### TASK DATA
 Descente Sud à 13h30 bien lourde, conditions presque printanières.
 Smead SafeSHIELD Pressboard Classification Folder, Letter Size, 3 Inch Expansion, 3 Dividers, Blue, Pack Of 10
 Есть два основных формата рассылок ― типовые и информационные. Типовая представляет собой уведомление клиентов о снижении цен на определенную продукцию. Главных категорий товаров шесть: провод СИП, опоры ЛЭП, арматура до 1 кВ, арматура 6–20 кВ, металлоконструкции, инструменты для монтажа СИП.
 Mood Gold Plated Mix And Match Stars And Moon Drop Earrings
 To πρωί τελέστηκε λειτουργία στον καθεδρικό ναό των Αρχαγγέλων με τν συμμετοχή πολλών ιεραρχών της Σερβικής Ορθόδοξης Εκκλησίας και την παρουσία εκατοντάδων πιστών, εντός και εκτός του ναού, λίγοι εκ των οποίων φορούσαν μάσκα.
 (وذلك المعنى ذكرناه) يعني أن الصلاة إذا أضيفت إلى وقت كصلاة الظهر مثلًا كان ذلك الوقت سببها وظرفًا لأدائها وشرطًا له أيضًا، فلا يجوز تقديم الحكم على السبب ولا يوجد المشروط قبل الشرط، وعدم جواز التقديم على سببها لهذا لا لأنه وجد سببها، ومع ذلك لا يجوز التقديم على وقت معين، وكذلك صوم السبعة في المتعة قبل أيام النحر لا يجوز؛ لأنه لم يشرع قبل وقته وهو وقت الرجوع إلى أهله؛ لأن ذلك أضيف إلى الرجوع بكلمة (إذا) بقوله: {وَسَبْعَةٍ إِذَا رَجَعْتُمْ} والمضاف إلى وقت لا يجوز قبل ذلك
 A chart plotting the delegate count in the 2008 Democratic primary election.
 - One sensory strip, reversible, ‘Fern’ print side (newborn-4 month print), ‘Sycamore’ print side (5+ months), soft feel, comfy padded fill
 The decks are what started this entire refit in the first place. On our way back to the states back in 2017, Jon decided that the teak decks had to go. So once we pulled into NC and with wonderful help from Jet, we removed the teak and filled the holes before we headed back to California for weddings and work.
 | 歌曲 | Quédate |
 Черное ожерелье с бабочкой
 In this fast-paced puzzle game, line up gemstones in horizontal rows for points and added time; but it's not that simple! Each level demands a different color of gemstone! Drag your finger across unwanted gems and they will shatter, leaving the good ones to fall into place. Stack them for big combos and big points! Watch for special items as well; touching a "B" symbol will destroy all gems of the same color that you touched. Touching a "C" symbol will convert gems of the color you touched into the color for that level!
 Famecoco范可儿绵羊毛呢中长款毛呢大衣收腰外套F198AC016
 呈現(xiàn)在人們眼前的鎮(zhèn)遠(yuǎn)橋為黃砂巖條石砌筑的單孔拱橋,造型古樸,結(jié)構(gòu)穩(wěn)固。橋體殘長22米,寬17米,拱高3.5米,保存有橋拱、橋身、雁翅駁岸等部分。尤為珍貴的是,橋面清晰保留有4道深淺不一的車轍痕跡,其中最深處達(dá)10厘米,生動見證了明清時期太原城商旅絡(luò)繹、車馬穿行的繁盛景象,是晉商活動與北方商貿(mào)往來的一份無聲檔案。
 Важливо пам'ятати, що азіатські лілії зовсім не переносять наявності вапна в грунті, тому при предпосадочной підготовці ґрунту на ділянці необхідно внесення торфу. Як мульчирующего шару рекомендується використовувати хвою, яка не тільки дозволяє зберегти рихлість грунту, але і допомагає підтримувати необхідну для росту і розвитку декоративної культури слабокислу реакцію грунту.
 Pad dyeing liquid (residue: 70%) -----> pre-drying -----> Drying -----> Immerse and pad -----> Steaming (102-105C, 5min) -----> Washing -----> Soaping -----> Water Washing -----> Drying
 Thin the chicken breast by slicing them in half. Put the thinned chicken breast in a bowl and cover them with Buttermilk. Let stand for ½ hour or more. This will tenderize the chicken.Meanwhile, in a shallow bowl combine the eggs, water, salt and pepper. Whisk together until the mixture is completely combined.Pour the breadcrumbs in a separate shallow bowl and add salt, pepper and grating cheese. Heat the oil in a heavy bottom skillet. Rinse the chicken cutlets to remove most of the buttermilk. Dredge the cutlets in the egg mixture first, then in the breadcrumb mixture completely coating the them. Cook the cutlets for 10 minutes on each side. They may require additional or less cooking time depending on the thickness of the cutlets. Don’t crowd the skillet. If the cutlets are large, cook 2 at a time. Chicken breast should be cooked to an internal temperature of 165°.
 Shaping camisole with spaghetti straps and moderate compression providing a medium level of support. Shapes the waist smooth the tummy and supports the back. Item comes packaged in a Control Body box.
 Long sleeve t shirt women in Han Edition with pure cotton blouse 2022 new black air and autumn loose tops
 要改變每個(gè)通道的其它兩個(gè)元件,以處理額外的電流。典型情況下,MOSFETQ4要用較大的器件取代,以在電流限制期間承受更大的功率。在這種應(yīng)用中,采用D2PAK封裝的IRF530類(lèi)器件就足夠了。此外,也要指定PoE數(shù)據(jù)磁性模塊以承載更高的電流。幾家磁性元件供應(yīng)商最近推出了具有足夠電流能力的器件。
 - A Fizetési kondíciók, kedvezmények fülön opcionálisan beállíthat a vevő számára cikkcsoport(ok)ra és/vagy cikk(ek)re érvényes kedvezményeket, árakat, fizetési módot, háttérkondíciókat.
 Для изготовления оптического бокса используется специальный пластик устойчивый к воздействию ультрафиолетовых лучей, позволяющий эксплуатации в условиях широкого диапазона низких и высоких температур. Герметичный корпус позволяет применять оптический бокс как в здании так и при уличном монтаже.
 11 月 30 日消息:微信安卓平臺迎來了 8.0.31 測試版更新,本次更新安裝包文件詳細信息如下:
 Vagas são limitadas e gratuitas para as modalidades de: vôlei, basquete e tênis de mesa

### ABOUT THIS EXERCISE
Each line in the entries above, starting at the line with "Famecoco范可儿绵羊毛呢中长款毛呢大衣收腰外套F198AC016" and ending at the line with "Long sleeve t", is to be printed exactly, and only those lines.

### RESULT BELOW
 Famecoco范可儿绵羊毛呢中长款毛呢大衣收腰外套F198AC016
 呈現(xiàn)在人們眼前的鎮(zhèn)遠(yuǎn)橋為黃砂巖條石砌筑的單孔拱橋,造型古樸,結(jié)構(gòu)穩(wěn)固。橋體殘長22米,寬17米,拱高3.5米,保存有橋拱、橋身、雁翅駁岸等部分。尤為珍貴的是,橋面清晰保留有4道深淺不一的車轍痕跡,其中最深處達(dá)10厘米,生動見證了明清時期太原城商旅絡(luò)繹、車馬穿行的繁盛景象,是晉商活動與北方商貿(mào)往來的一份無聲檔案。
 Важливо пам'ятати, що азіатські лілії зовсім не переносять наявності вапна в грунті, тому при предпосадочной підготовці ґрунту на ділянці необхідно внесення торфу. Як мульчирующего шару рекомендується використовувати хвою, яка не тільки дозволяє зберегти рихлість грунту, але і допомагає підтримувати необхідну для росту і розвитку декоративної культури слабокислу реакцію грунту.
 Pad dyeing liquid (residue: 70%) -----> pre-drying -----> Drying -----> Immerse and pad -----> Steaming (102-105C, 5min) -----> Washing -----> Soaping -----> Water Washing -----> Drying
 Thin the chicken breast by slicing them in half. Put the thinned chicken breast in a bowl and cover them with Buttermilk. Let stand for ½ hour or more. This will tenderize the chicken.Meanwhile, in a shallow bowl combine the eggs, water, salt and pepper. Whisk together until the mixture is completely combined.Pour the breadcrumbs in a separate shallow bowl and add salt, pepper and grating cheese. Heat the oil in a heavy bottom skillet. Rinse the chicken cutlets to remove most of the buttermilk. Dredge the cutlets in the egg mixture first, then in the breadcrumb mixture completely coating the them. Cook the cutlets for 10 minutes on each side. They may require additional or less cooking time depending on the thickness of the cutlets. Don’t crowd the skillet. If the cutlets are large, cook 2 at a time. Chicken breast should be cooked to an internal temperature of 165°.
 Shaping camisole with spaghetti straps and moderate compression providing a medium level of support. Shapes the waist smooth the tummy and supports the back. Item comes packaged in a Control Body box.
 Long sleeve t shirt women in Han Edition with pure cotton blouse 2022 new black air and autumn loose tops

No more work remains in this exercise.